Q&A / 

Rotten Wood Threshold

Teresa Schenck has a rotten wood threshold at her home in Bettendorf, Iowa.

Here's what she sent me:

"As you can see, this piece of wood at my back door is rotting.

It is about 1.5-2 " wide, and maybe 6-8" deep.

My deck is also there. I am replacing the wood decking.

I want to fix this piece of wood while I am working on the deck. I don't even know what it's called. How can I best fix this?"

The red arrows point to the rotten threshold. Photo credit: Teresa

The red arrows point to the rotten threshold.
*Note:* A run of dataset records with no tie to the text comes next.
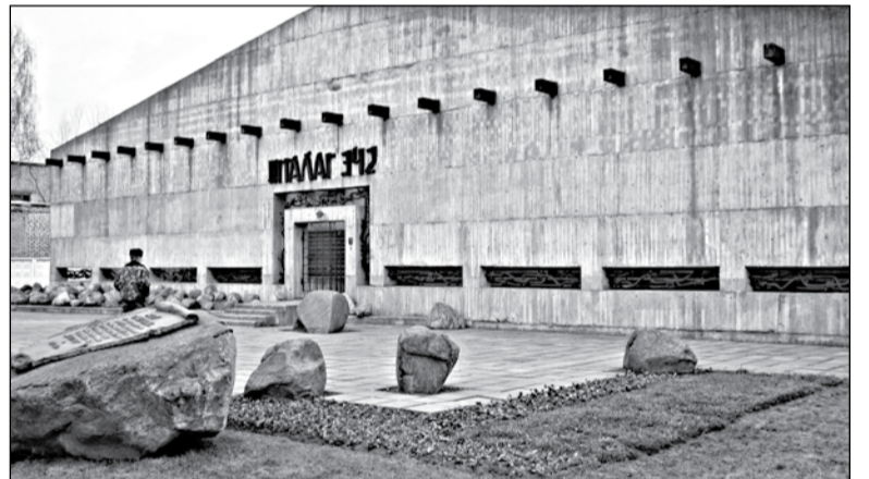
плексе «Шталаг-342». Прикоснулись к плитам, на которых имя их отца и деда, возложили цветы... В 21 братской могиле захоронены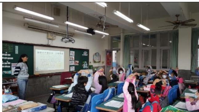
檢測閱讀理解，全班以手勢作答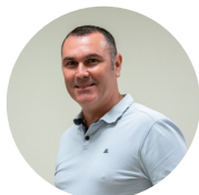
Ludovic CHAPUT Maire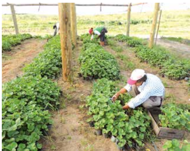
Figura 4 - En Salto cada productor se abastece de sus propias plantas. Los viveros se realizan en el mismo predio donde se produce la frutilla. La producción de plantas en maceta en viveros bajo invernáculo adoptada a fines de los '90 fue efectiva para controlar la muerte de plantas por Colletotrichum y Phytophthora pero no tuvo efecto en el manejo de las nuevas enfermedades emergentes.

Las variedades extranjeras con tolerancia son escasas y además no se adaptan bien al modelo predominante de vivero local en invernáculo con alta temperatura y trasplante a raíz cubierta (Figura 4). Esto ha limitado desde hace 20 años el uso de genética extranjera en la zona de Salto.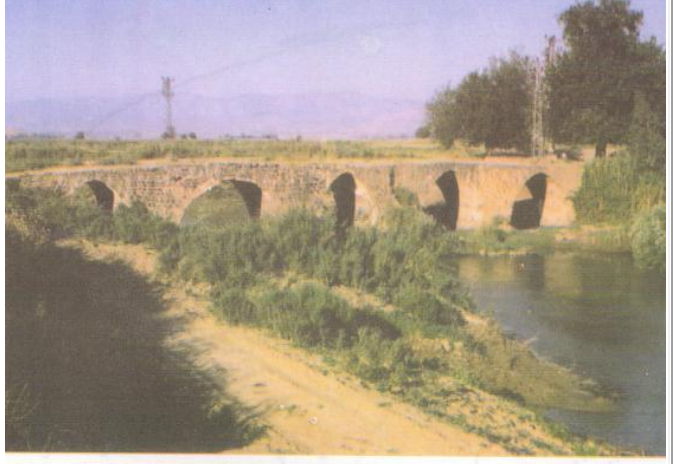
Resim 13. Taş Köprü (Dana Ahmetli Köyü, 16. yüzyılda yapıldığı sanılmaktadır.)

Kırıkhan'da, Karasu Nehri üzerinde altı gözlü bir taş köprüdür. Köprü'nün 16. yüzyıla ait olduğu sanılmaktadır. Eski yıllarda Ceylanlı Köyünden gelip Halep'e giden yol üstünde kurulan köprü, halen ayakta ve sağlam olarak kullanılmaktadır. Halk arasında Taş Köprü adıyla bilinen köprü'nün, yörede yaşamış olan "bir aşiret reisinin hanımı" tarafından yaptırıldığına dair söylenti vardır.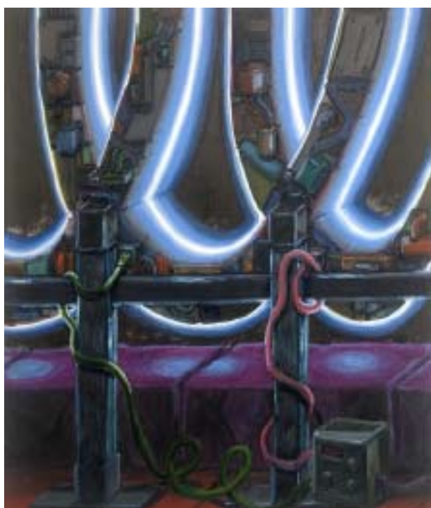
Willem Weismann sans titre , 2018 Huile sur toile, 95 x 80 cm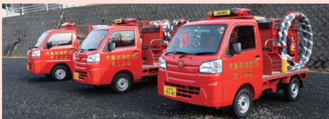
▲小型動力ポンプ付軽積載車(第1・6・7分団)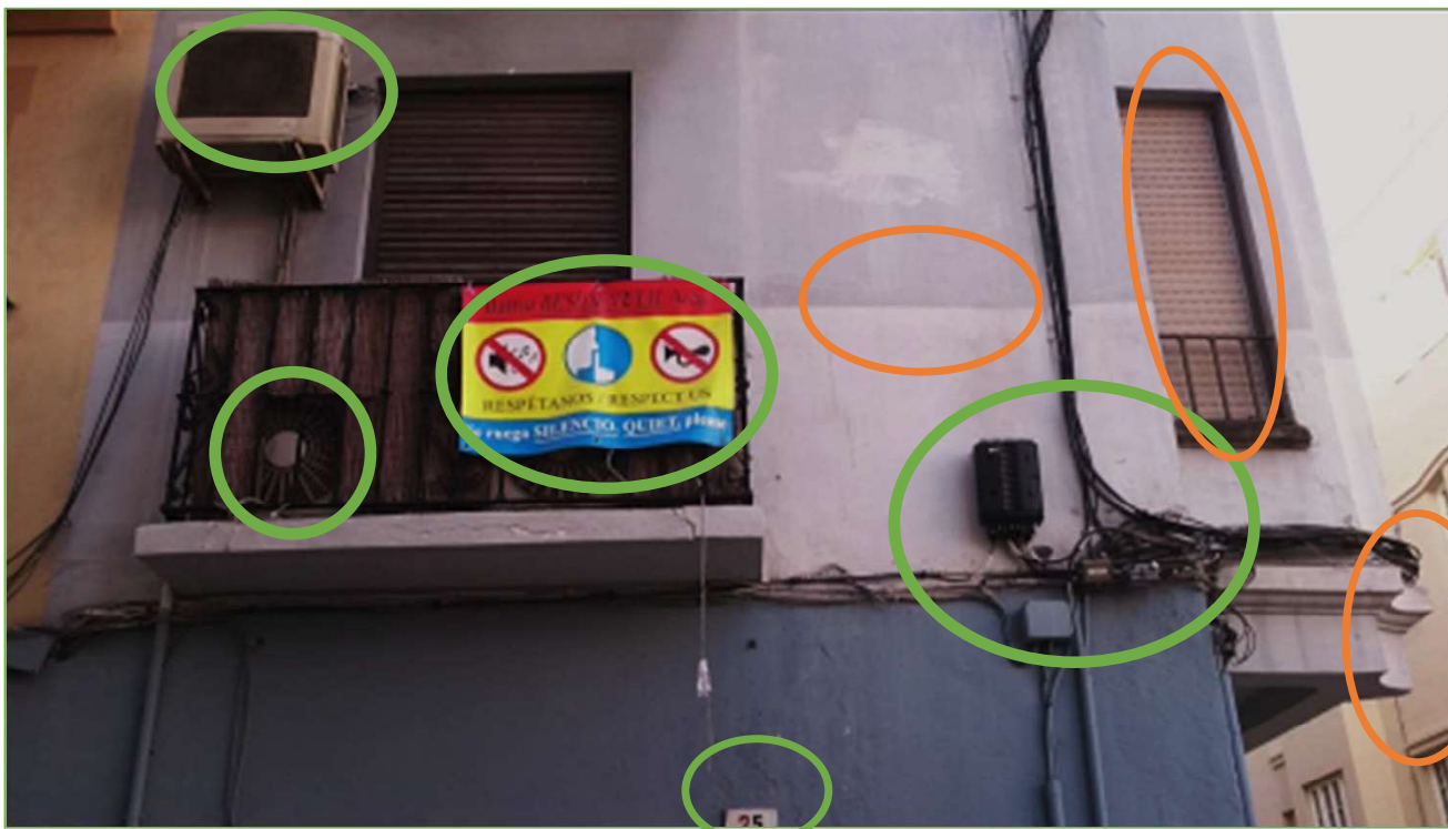
Análisis concepción holística del patrimonio cultural en fachada histórica de valor tipológico en el Conjunto Histórico de Málaga [16/06/2019] Elaboración propia-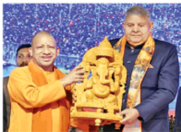
अवध शिल्पशाला में उप दिवस के अवसर पर उपराष्ट्रपति जगदीप धनखड़ का स्वागत करते मुख्यमंत्री योगी आदित्यनाथ

राज्य न्यूरो, जागरण • लखनऊ: उपराष्ट्रपति जगदीप धनखड़ ने दिल्ली विधानसभा चुनाव में चल रहे घुसपैठियों के मुद्दे को इशारों-इशारों में हवा दी। उपराष्ट्रपति ने कहा कि भारत में करोड़ों की संख्या में अवैध प्रवासियों का होना चिंता की बात है। ये स्वास्थ्य, शैक्षणिक सेवाओं को चुनौती देते हैं, नौकरियों के अवसरों को प्रभावित करते हैं। सबसे बड़ी बात यह है कि ये चुनावी प्रक्रिया को भी प्रभावित करना चाहते हैं। पूरी दुनिया इसे लेकर सचेत हो चुकी है। भारत में इस पर ध्यान देने की जरूरत है कि करोड़ों की संख्या में अवैध प्रवासी यहां क्यों हैं? इनको लेकर अखिलंब कदम उठाने चाहिए। उपराष्ट्रपति ने युवाओं से देश के विपरीत काम करने वालों और देशहित की न सोचने वालों पर प्रतिघात करने का भी आह्वान किया। घुसपैठियों पर उपराष्ट्रपति की इस टिप्पणी को दिल्ली चुनाव से जोड़कर देखा जा रहा है।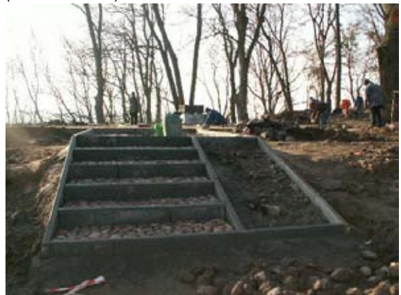
Prace na Wzgórzu Zamkowym.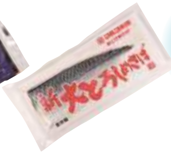
マルヨ水産(株) 新大とろしめさば (1枚)【⑩-003】 414円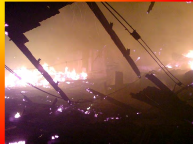
Scheunenbrand Gremersdorf 04.11.2009 03:11 Uhr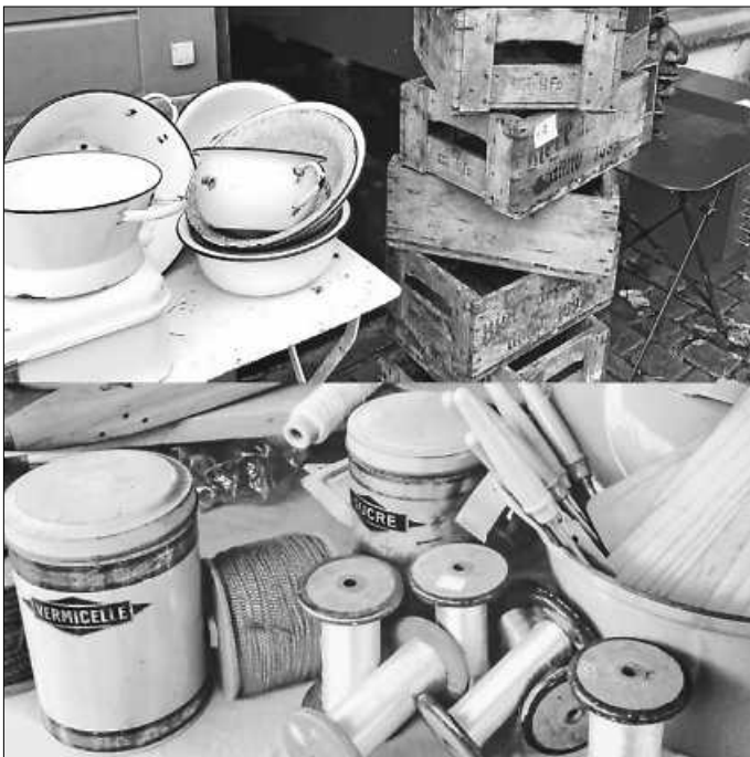
Text und Bild: Stephanie Nonnenmann-Schickel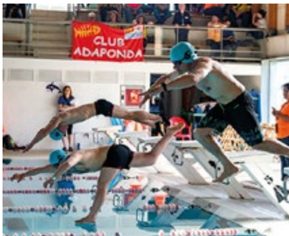
Les competicions esportives es van repartir en dues jornades. Els 1.800 esportistes van ser aplaudits i van rebre el reconeixement pel seu esforç i esportivitat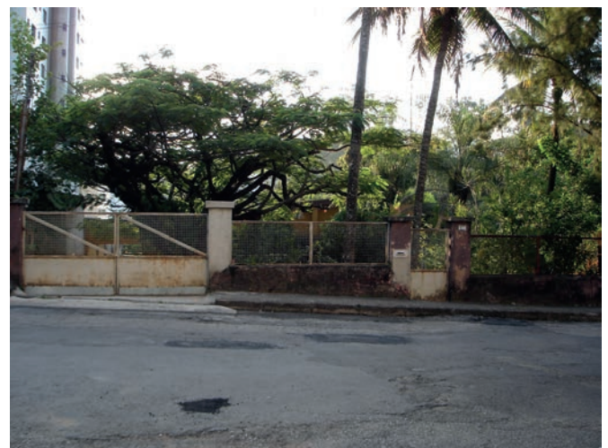
Figura 1. Vista de muro perimetral de una casa de la década de 1960. Fotografía Zarankin 2006.

Los resultados obtenidos muestran que las casas más antiguas, de 1950 y 1960, pertenecientes a familias acomodadas de la sociedad Belohorizontina, eran construidas con muros perimetrales bajos 0,80 a 1,20 m de altura, lo que permitía la interacción entre los habitantes de la residencia y los vecinos o transeúntes (Fig. 1). Una lectura de estos parámetros permite observar que el muro actúa apenas como un límite simbólico para delimitar lo privado de lo público. Al mismo tiempo, quienes residen en la casa ven a las demás personas como iguales. En otras palabras, estamos ante un cuerpo que hace frente a la interacción con las otras personas.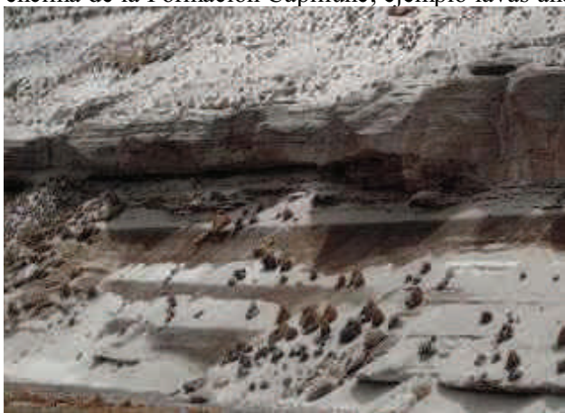
Foto 1. Estratos horizontales a sub horizontales de la Formación Capillune, evidenciando niveles saturados y niveles impermeables.

La Formación Capillune, tiene estratificación horizontal a subhorizontal, cerca a su contacto con rocas más antiguas, presentan buzamientos entre 20 y 25°. Su litología se compone de una intercalación de areniscas, arcillas, conglomerados y piroclásticos que se presentan en capas delgadas grises, blanquecinas y anaranjadas. La configuración de sus estratos y su litología genera heterogeneidad acentuada, principalmente por que las capas sub-horizontales tienen variada composición litológica, por lo tanto su comportamiento hidráulico también es variable, los horizontes permeables tienen una acentuada permeabilidad horizontal (fotos 1 y 2). Este componente litológico nos permite clasificar a los horizontes de areniscas tobaceas, piroclastos y lapillis en acuíferos y a los horizontes de arcillas, cenizas y limos como acuitardos, por lo tanto esta formación es típica de acuíferos multicapa, y que en sectores se encuentran confinados. En el sector de Pati, se observa que gran parte de estas surgencias originan numerosos manantiales que forman grandes bofedales (foto 2). La parte superior de esta formación, donde coincide con estratos impermeables se comportan también como controles para la surgencia de manantiales, que proviene de acuíferos ubicados por encima de la Formación Capillune, ejemplo lavas andesíticas fisuradas del Grupo Barroso.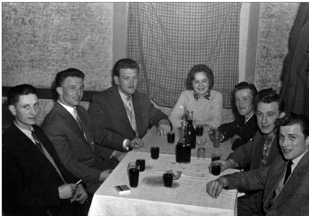
Družba poljanskih pevcev, zbrana pri Matjaku v Ortneku (Digitalna zbirka Muzeja Ribnica. Original v zasebni lasti).

različnih priložnostih veliko peli. Peli so, ko so zvečer sedeli na klopcah, se zbirali na vasi, hodili kosit in grabit v Senožeti, postavljali mlaje ob porokah in sedeli v gostilni, seveda pa tudi ob vseh družinskih in cerkvenih praznikih in svetih mašah. Ljudje so se družili pri delu, v gostilni, na veselicah, plesih, prireditvah, družinskih praznovanjih, ob letnih šegah, šegah življenjskega kroga in cerkvenih praznikih. Tako so se ob druženju ohranjali medsebojni, medsosedski in prijateljski stiki. Za časa mladosti in aktivne dobe večine informatorjev so se družili sredi vasi pri kapelici ali pri posameznih hišah. Danes so Poljanci povezani prek krajevne skupnosti in različnih društev (Gasilsko društvo, Športno turistično društvo Grmada). Na ta način se krepijo medsebojni in medsosedski odnosi. 16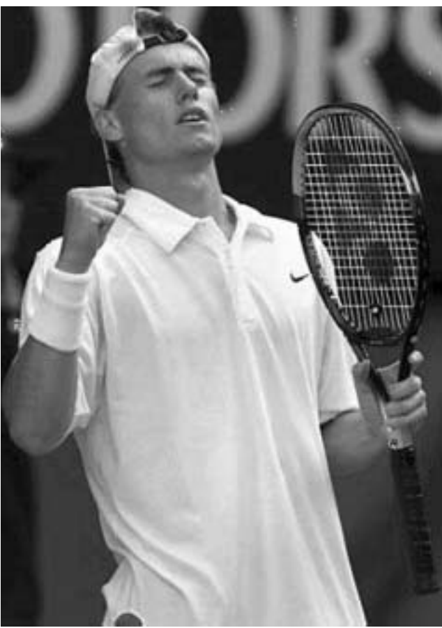
მოლიკი და ჰოუტი ავსტრალიის ჩემპიონობას შეეძებნა.

მოკლედ, ტურნირის მე-10 ნომერმა არაფერი დაუთმო გაცილებე-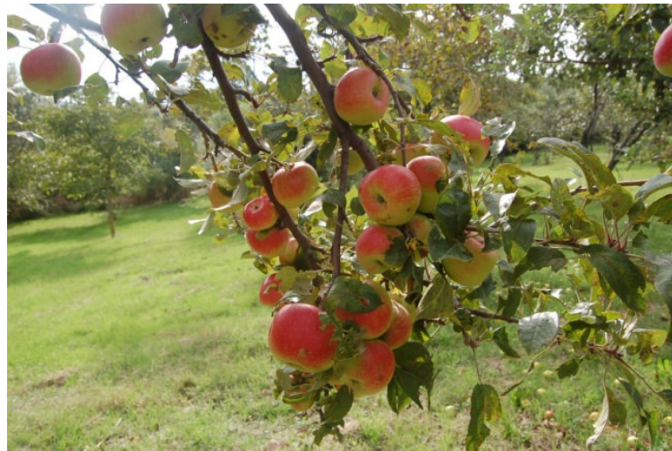
Chianella (San Marco La Catola)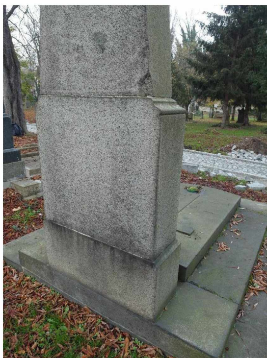
Náhrobek Dittrich , Olš. II, 5, 218, obelisk - stav v roce 2020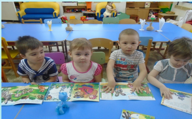
Рассматривание любимых книг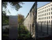
Κομμάτι του Τείχους στη Niederkirchner Strasse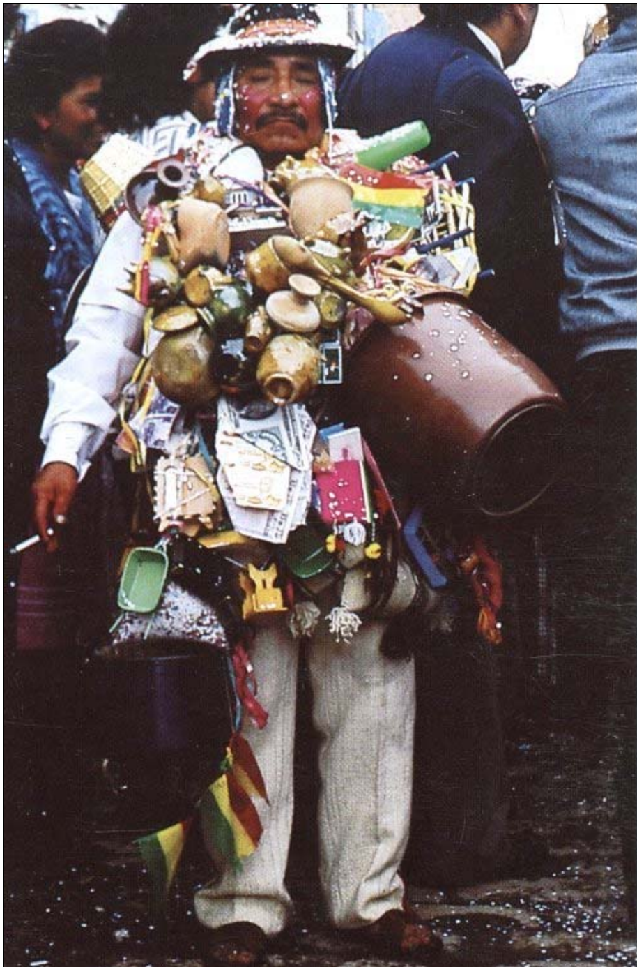
Foto 9. Ekeko, recargada personificación del dios de la abundancia en los Andes.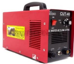
Gambar 2.2 Las Plasma Cutting

Plasma cutting adalah proses yang digunakan untuk memotong baja atau logam. Dalam proses pemotongan pelat, gas yang terkandung dalam udara yang dikompresi (78% nitrogen, 21% oksigen, 1% argon) ditiup dengan kecepatan tinggi keluar dari nozzel, pada waktu yang sama busur listrik terbentuk melalui gas dari nozzel ke permukaan yang dipotong, kemudian mengubah sebagian dari udara menjadi plasma. Plasma memiliki panas yang cukup untuk melelehkan logam yang dipotong dan mampu bergerak dengan cepat untuk mencairkan logam dari bagian yang dipotong.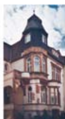
Tagesklinik Sucht Schwelingstraße 11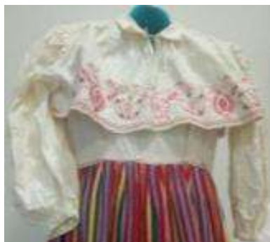
Joonis 8. Käised (Torma kool)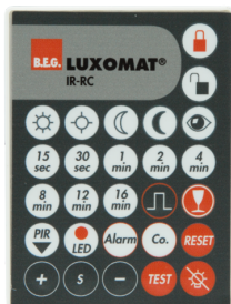
IR-RC Ref.: 92000

Dimensions: 40 x 55 x 103 mm Couleur du matériau: noir Fréquence: 2.4 GHz bande ISM, GFSK 0.2 dBm + 5.3 dBi = 5.5 dBm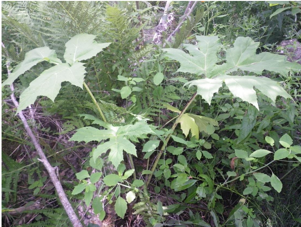
Figure 3. Berce du Caucase dans un secteur marécageux à Trois-Pistoles

Interventions : Les 40 plants observés ont été éliminés par extraction à la racine en date du 16 mai. Une 2 e phase d'intervention a été effectuée le 1 er août. Un plant en fleur a alors été éliminé. Les fleurs ont été récoltées et ensachées. Aussi, 8 plants repérés ont été éliminés. Aucun autre plant n'a été observé sur le site. La présence de plants de berce laineuse est notée en bordure du secteur marécageux, au nord-est.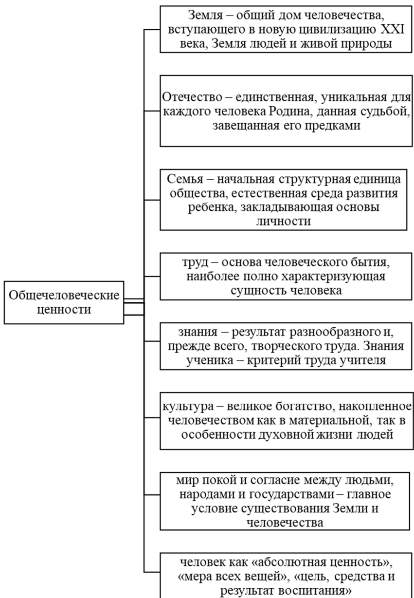
Рис. 4. Общечеловеческие духовно-нравственные ценности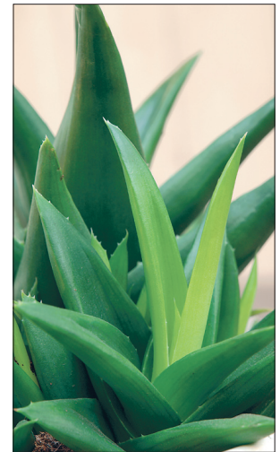
Väikesekasvuliste aaloede hulgas on põnevaid liike ja aretisi.

visehädade puhul. Värsketest lehtede mahlaga saab edukalt ravida mädaseid haavu ja mädapaiseid, suu loputamine aitab suukoopa- ja igemehaiguste puhul.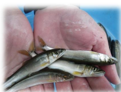
採捕された天然アユ（矢組堰）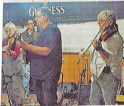
er la soirée de la Saint-Patrick.

une soi- Une invitation est lancée au club de parquet, salsa ! roposée.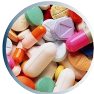
مکمل های غذایی طبیعی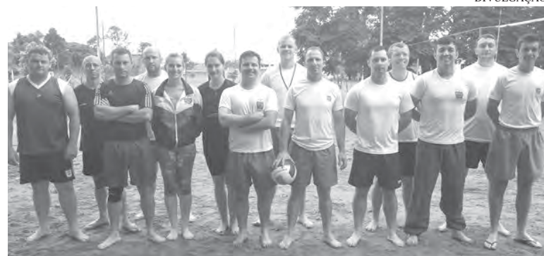
Participantes do torneio de vôlei

Domingo, às 19h, será realizada uma missa de ação de graças na Matriz Cristo Rei que contará com a participação de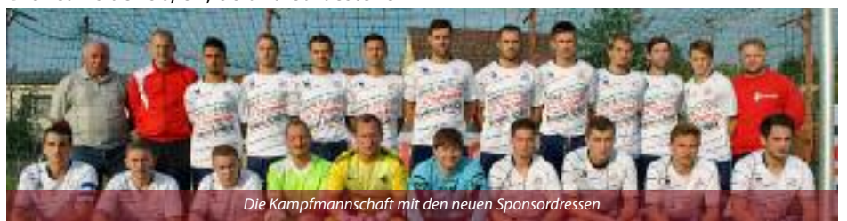
Die Kampfmannschaft mit den neuen Sponsordressen

24.1.2015: Sportlerball des ASV Hornstein im Forsthaus

Photo credit: Teresa

Here's my answer:

Teresa, you've got a serious problem.

The threshold under the door is not treated lumber - at least I've never seen one before.

They're designed to be painted and have a drip kerf on the underside to shed water and stop it from rolling under the threshold.

The threshold is supposed to be able to dry out fast after each rain.

Whoever built the deck against it made a serious error.

Water is now trapped and the wood can't easily dry.

To do this the right way, you need to remove the deck band board and joists around the threshold.

You do this by building a header that connects to the joists on either side of the doorway.

I'd put this header about three inches away from the threshold.

Then I'd install a lead flashing over the wood threshold after allowing it to dry and painting it very well.

The lead would have to go under the aluminum door threshold I see in the photo.

Failure at any step in the process will just cause more rot in the future.